I’m WrongI am wrong all the time now. Well, maybe not ALL the...

I’m Wrong
I am wrong all the time now. Well, maybe not ALL the time, but a lot. According to my daughter.
Yesterday she had school off for that wonderful holiday “Anniversary Day.” You know, *Anniversary Day!* Or maybe you know it as “Brooklyn-Queens Day?” No? Well perhaps you don’t celebrate Anniversary Day where you live because it is A MADE UP HOLIDAY.
But I digress. Yesterday we were sitting around outside on a lovely Anniversary Day and a woman across the street was yelling. As the woman walked down the street, she continued to yell and I told my daughter that she was “crazy.”

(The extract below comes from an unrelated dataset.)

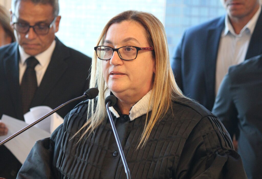 A juíza Cláudia Vidal prestou o compromisso de posse e discursou em nome dos empossados.

My daughter said, “How do you *know* she’s crazy?”
“Well, she’s yelling to herself for no reason.”
“But I could yell to myself too and I’m not crazy. You shouldn’t judge a book by its cover,” she concluded.
Look, before you start jumping all over me - I understand that “crazy” is an unkind and imprecise diagnosis. But without getting too touchy-feely about it, “crazy” is still a useful New York City shorthand. If I am trying to figure out whether there is immediate danger, or if someone is in distress, “crazy” works. There’s all sorts of ways in which you have to navigate interactions with strangers in New York. A different woman had come up to us minutes before to ask us where a pizza place was. I could quickly tell that she was not “crazy.” The night before a man approached me on a somewhat dimly-lit street and asked me for a dollar. Nope. Not crazy, just a panhandler. It’s all quick judgment, not a thought-out process. It’s not a diagnosis that has to hold up in court. It’s a way of being street-smart. I want my daughter to be good at that, be able to suss out a situation quickly so that her kind heart doesn’t get her in trouble.
I tried to explain this to my daughter. And I guess I was trying to be “right.” She wasn’t buying it. She said that I was bullying. I said that I hadn’t called the woman “crazy” to her face, so I wasn’t bullying anyone. My daughter judged that to be “gossiping” then. Perhaps so. In any case, I didn’t see an opportunity to be “right” anytime soon, so I dropped it.
We’re in the beginning of the teen years, after all. I have a feeling I am going to be “wrong” a lot.